The enigmatic EmDrive rises through scientific ranks

The 2000 brainchild of Roger Shawyer gains research momentum as a viable space engine.
EmDrive rendering

The mystique surrounding the EmDrive as a feasible and efficient space engine is slowly falling away. It is an engine that works, in theory, without combustible fuel and could take a spacecraft to the Moon within a few hours. 

The EmDrive can be summarised as a propellantless propulsion system. The defining quality of the engine is that it works as a kind of microwave oven, generating energy without igniting liquid fuel (which is how current jet engines work). It is sometimes referred to as a ‘radio frequency resonant cavity thruster’. The EmDrive’s design works by having a magnetron drive microwaves into a closed conical chamber which is then pushed back from the opposite end of the cone. The resulting force propels the machine forward.

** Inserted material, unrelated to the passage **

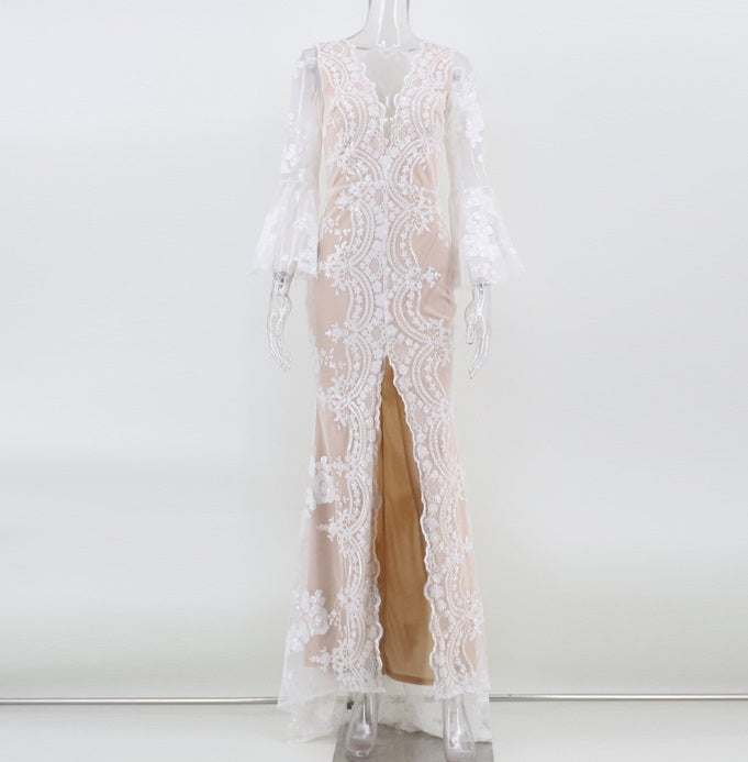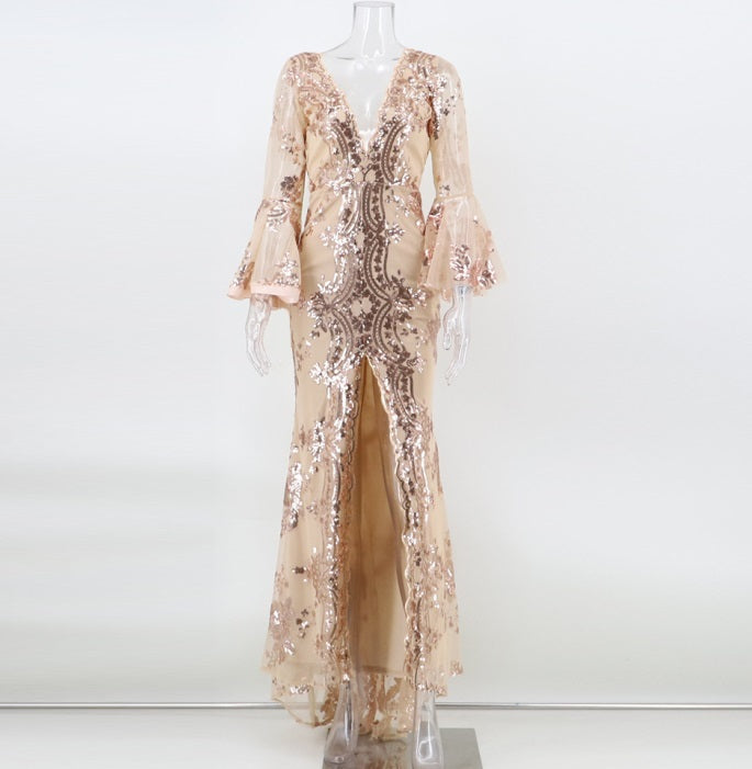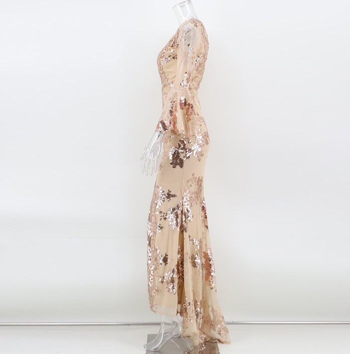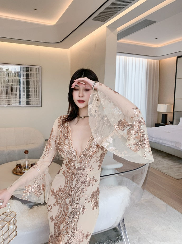 DOLLY Elegant V-Neck Long Sleeve Sequin Hip Flared Fish Tail Banquet Dress-MAY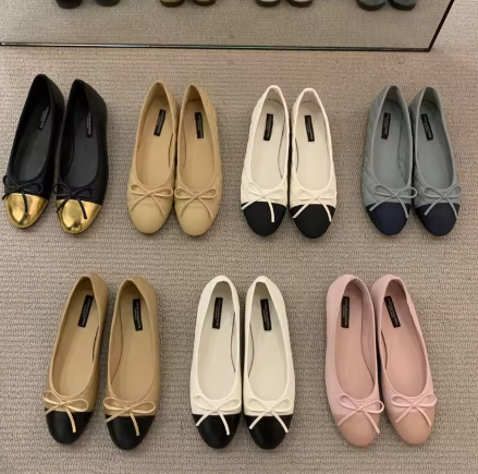 シャネル風のコンビバレエで、ロゴなどはありませんが

If we accept the premise of a fully operational EmDrive, the technology holds many substantial benefits. A spacecraft that is fitted with EmDrive thrusters could reach distant parts of our solar system much more quickly than current technology. It would revolutionise the design of rockets, no longer having to drag massive fuel tanks along for the trip. Spacecrafts would immediately become cheaper, easier to manufacture and crucially, much lighter.

The problem with the EmDrive (a thorn that has hindered its development since genesis) is that the concept of ‘reactionless’ drive flies squarely in the face of Isaac Newton’s observed law of conservation of momentum.

Newton declared that an object will not move unless an exterior force is applied to it. Yet, somehow, the EmDrive shows potential to perform this action without needing an equal expulsion of energy to set it in motion. For the EmDrive to be deemed a total success, it would mean either an as-yet-unidentified phenomenon occurs in physics or that the human understanding of the subject is fundamentally flawed. Despite scepticism since its inception in 2001 by aerospace engineer Roger Shawyer, the EmDrive has continued to draw interest.

In 2015, an independent research group of NASA, Eagleworks, took a crack at the design. Their tests rectified several errors of previous EmDrive versions and reportedly achieved force smoothly. It is their paper (“Measurement of Impulsive Thrust From a Closed Radio Frequency Cavity in Vacuum”) that has passed the peer-review process and will be published.

The viability of the EmDrive is not yet certain as no research group has reported a large margin of power from the machine. It is the mysterious nature by which the EmDrive apparently achieves small amounts of force that keep some scientists hopeful.

A theory was put forth in 2016 by physicist Michael McCulloch regarding the cause of the EmDrive’s enigmatic (yet minuscule) thrust. The Professor of Plymouth University speculates an answer that utilises the Unruh effect and inertia. The Unruh effect is an unconfirmed theory that describes the formation of particles out of a spatial vacuum due to the observable heating that occurs in the universe because of physical acceleration. McCulloch’s complete treatise of the concept can be found here.

But many voices in the scientific community remain dismissive. Corey S. Powell of Discover Magazine wrote a lengthy critique on Shawyer’s EmDrive and the enthusiasm surrounding NASA’s involvement with the technology, which he regards as misleading. Similarly, mathematical physicist Professor John Baez denounced Shawyer’s EmDrive claims in 2014, stating that: “It's like sitting inside a car and making it roll forwards by pushing on the steering wheel. Standard physics doesn't allow this. He didn't claim to be using anything other than standard physics.”

Though the scientific community remains largely divided on the subject, the publication of Eagleworks’ paper on the EmDrive should shed more light on the engine’s potential and spur on further enquiry, experiments and research into propellantless propulsion. NASA’s Eagleworks group is set to publish research on the technology behind the EmDrive in the AIAA Journal of Propulsion and Power.

That their findings will be published in a reputable journal means that other scientists will have access to the engine’s inner workings for further advancement. The paper will allow others to duplicate the machine and devote greater resources to its trials and refinement.